[Information provided Boundary: Start]
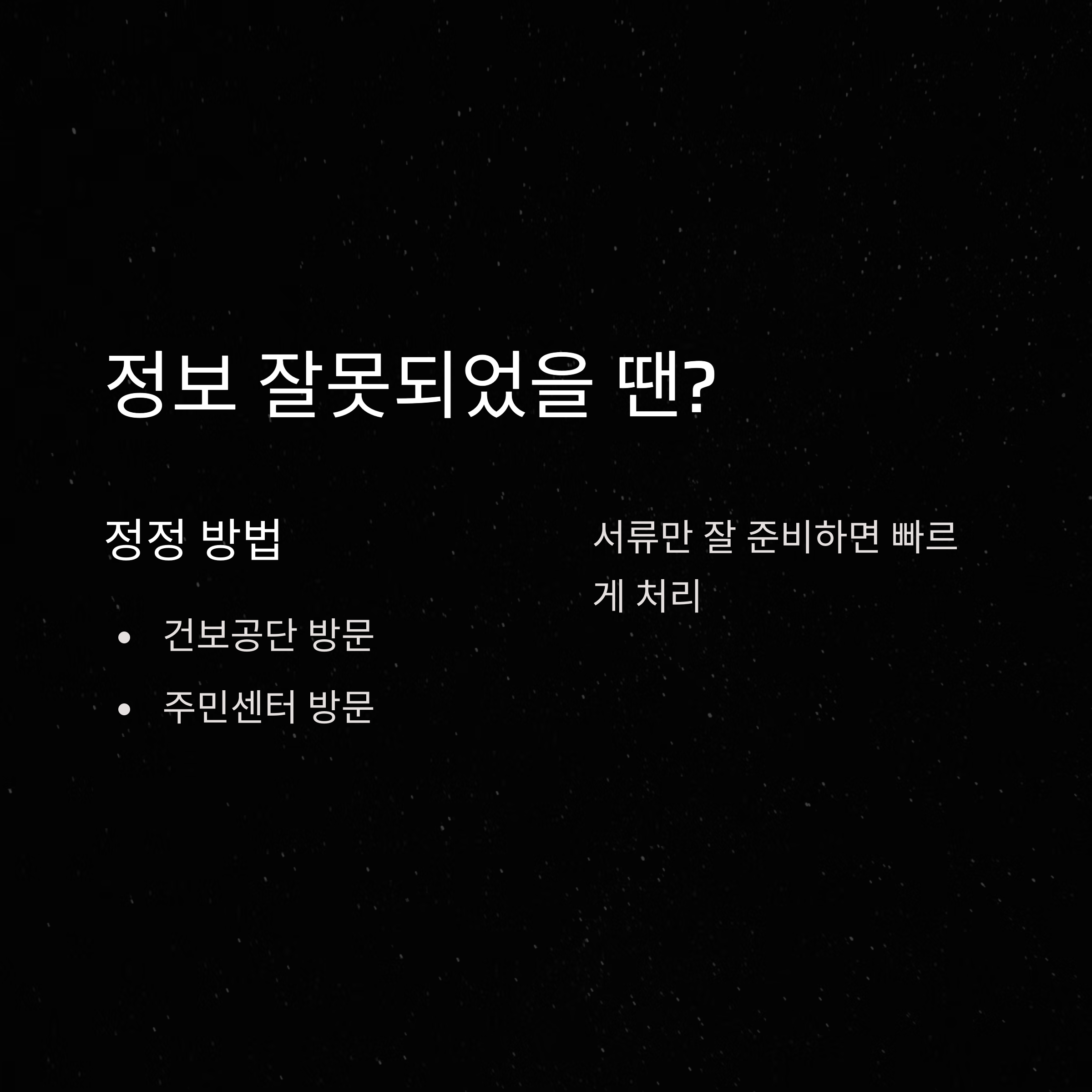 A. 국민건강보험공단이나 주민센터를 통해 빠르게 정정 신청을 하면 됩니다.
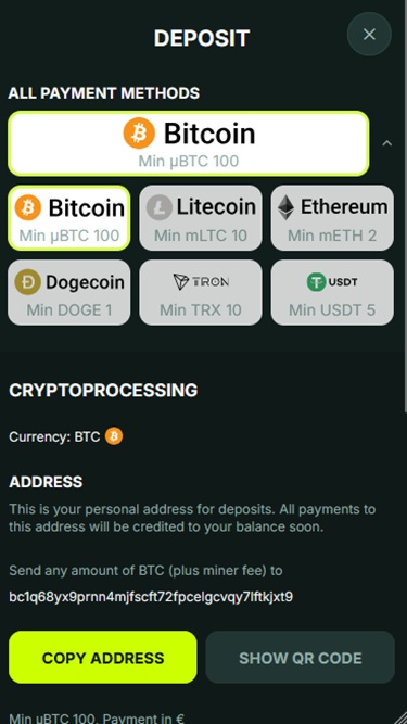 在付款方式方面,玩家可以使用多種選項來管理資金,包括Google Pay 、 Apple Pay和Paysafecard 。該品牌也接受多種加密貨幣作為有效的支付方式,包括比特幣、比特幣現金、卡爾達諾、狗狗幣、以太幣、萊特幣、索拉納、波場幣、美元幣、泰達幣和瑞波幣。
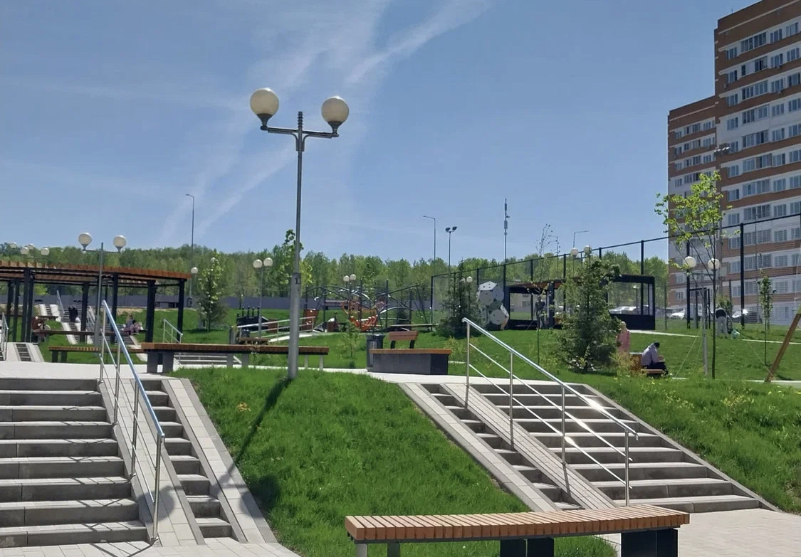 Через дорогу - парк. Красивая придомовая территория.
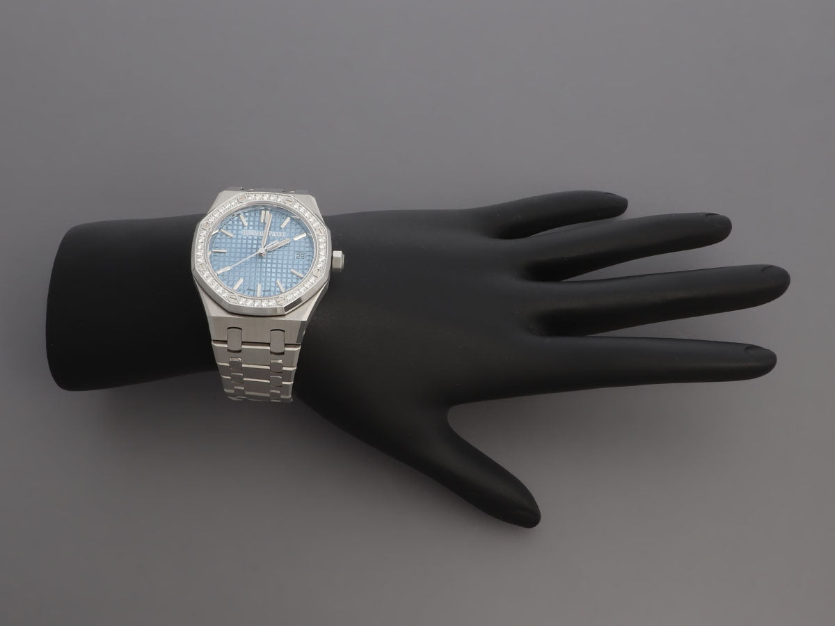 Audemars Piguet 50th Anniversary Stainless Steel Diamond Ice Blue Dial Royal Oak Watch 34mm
[Information provided Boundary: End]
[Information provided Boundary: Start]
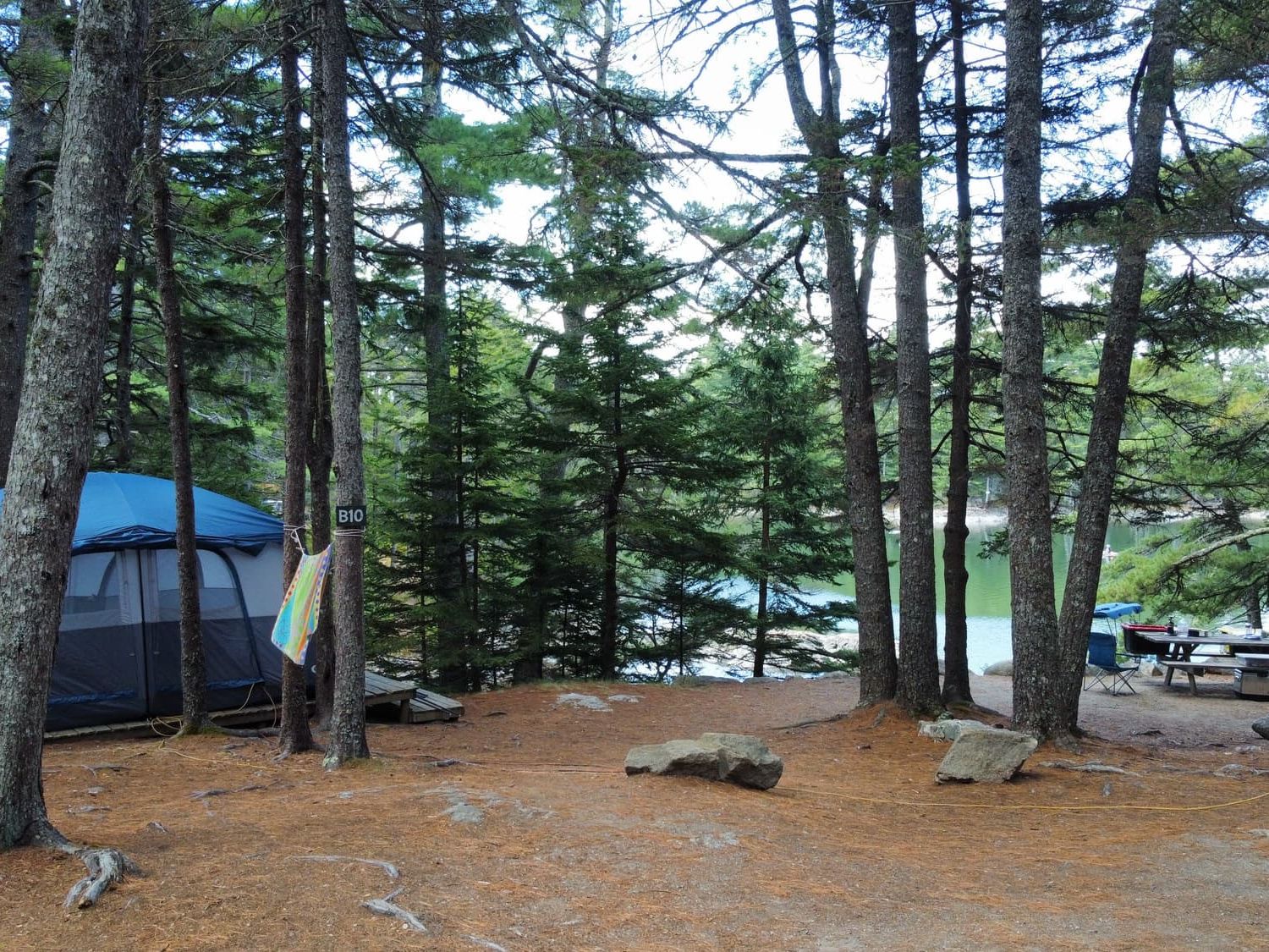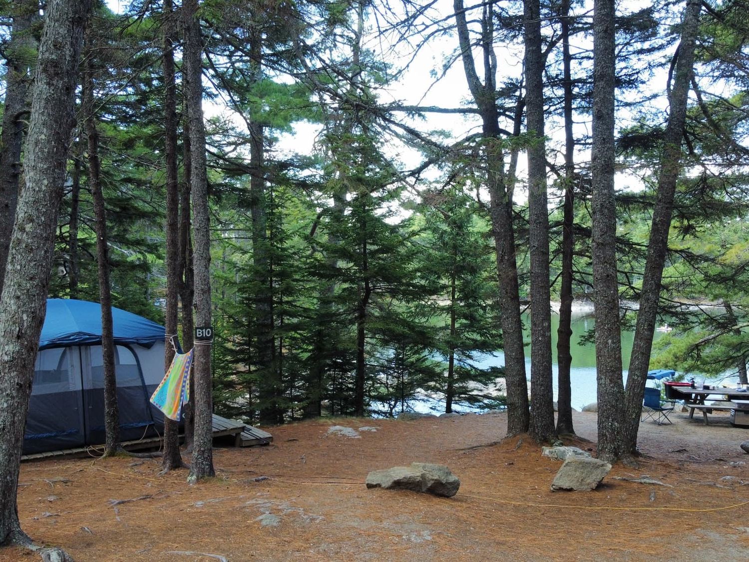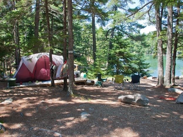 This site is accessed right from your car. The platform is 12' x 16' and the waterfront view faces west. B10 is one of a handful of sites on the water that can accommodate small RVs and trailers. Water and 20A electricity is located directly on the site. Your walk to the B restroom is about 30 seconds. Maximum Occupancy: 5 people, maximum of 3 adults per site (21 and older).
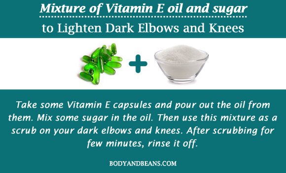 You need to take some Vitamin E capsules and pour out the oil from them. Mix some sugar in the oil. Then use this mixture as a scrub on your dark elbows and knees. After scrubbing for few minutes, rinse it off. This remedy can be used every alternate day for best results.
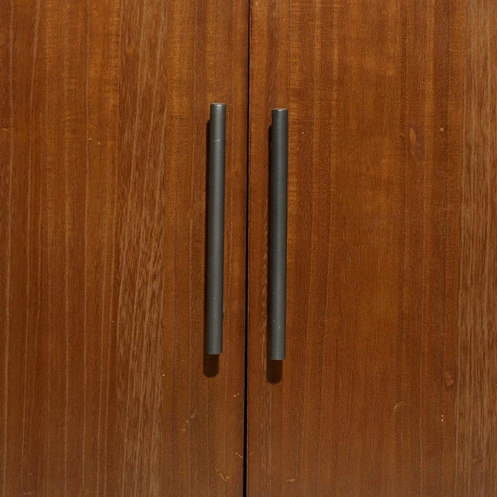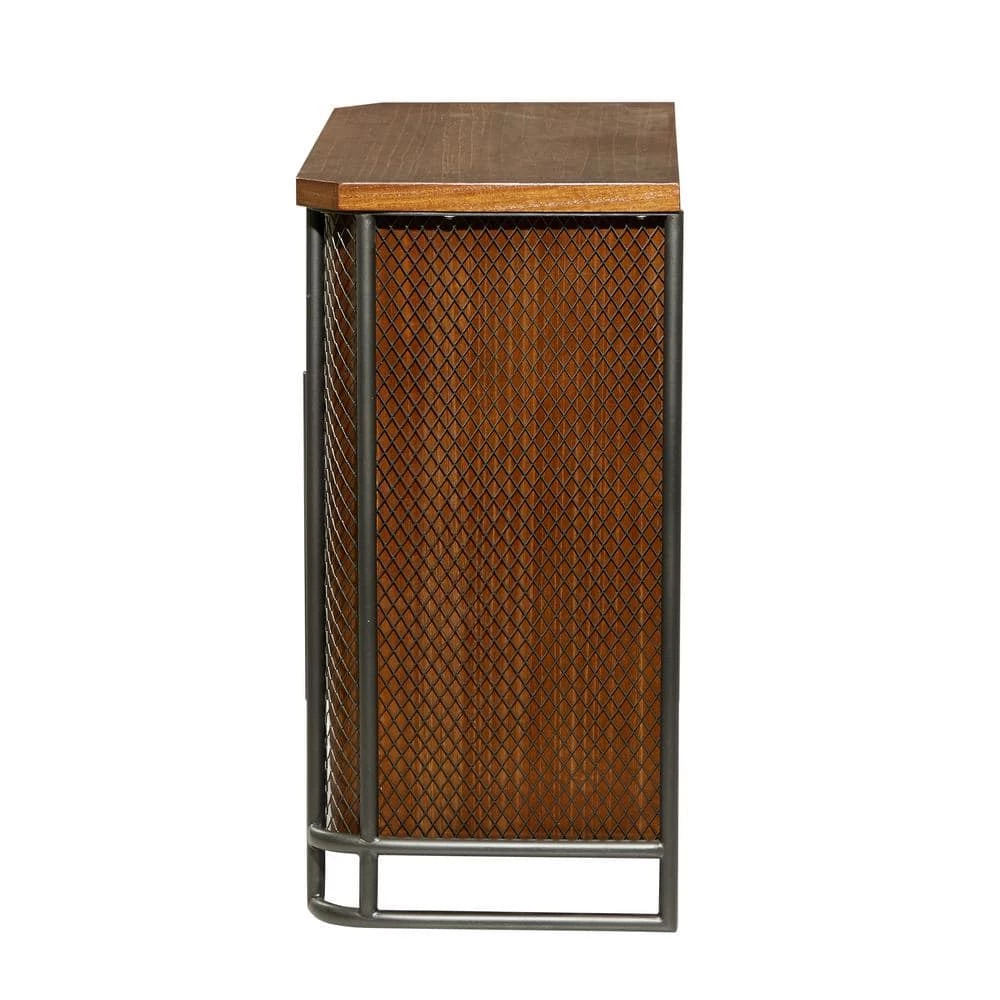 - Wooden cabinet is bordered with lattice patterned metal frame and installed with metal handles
[Information provided Boundary: End]
[Information provided Boundary: Start]
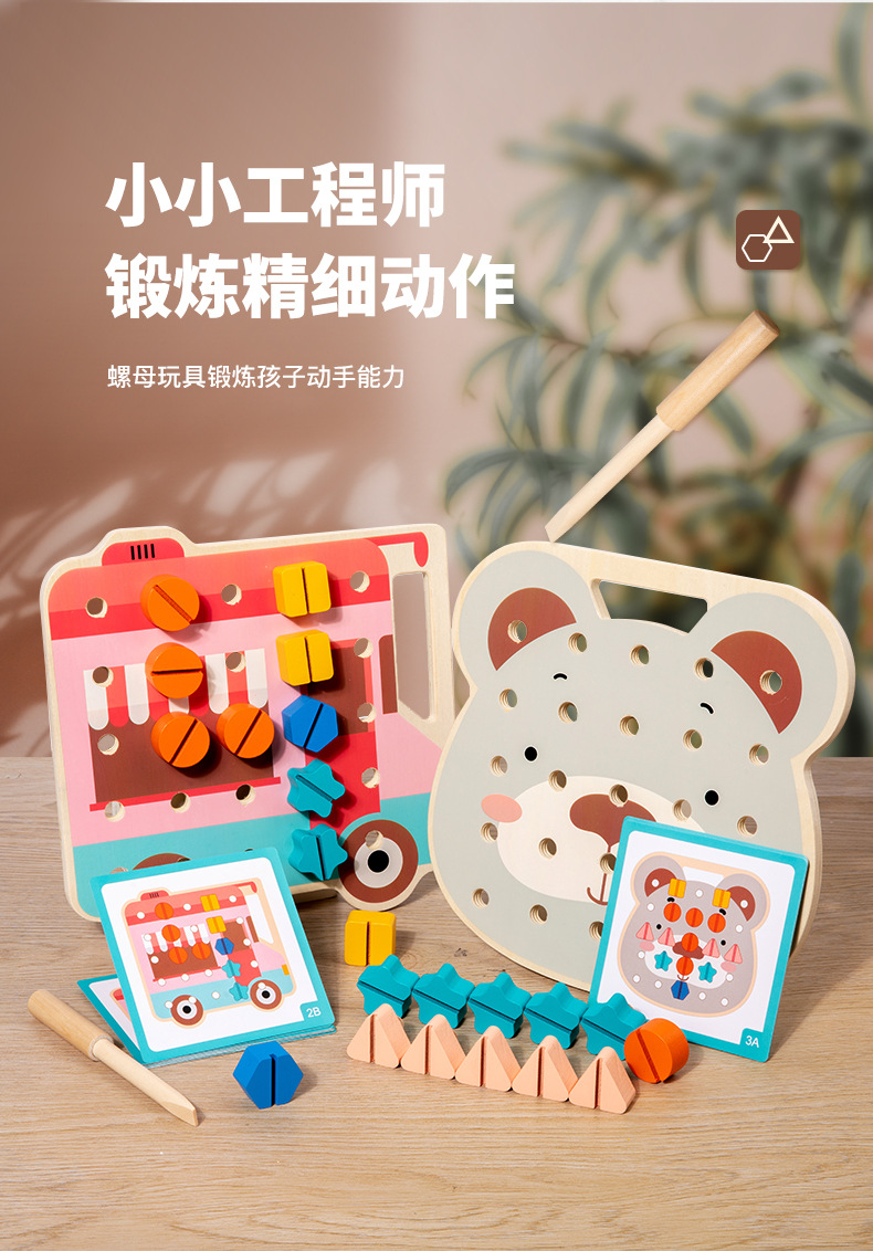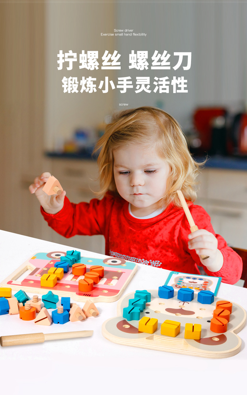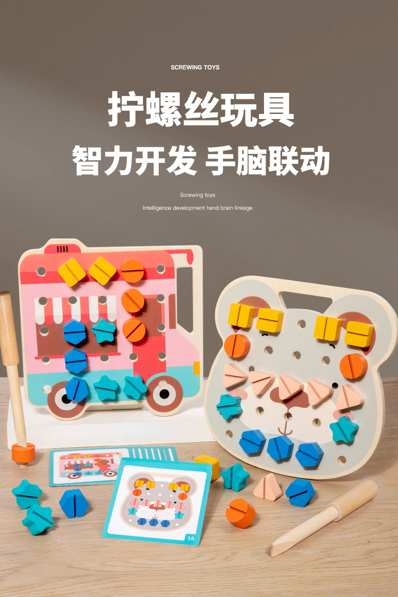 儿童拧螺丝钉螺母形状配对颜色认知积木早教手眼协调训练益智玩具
[Information provided Boundary: End]
▸ **What to work on**:
Above are some entries. Restate word for word the lines from the one holding "Через дорогу - парк." through the one holding "Audemars Piguet 50th", but not the pictures.

▸ **Answer box**:
 Через дорогу - парк. Красивая придомовая территория.
 Audemars Piguet 50th Anniversary Stainless Steel Diamond Ice Blue Dial Royal Oak Watch 34mm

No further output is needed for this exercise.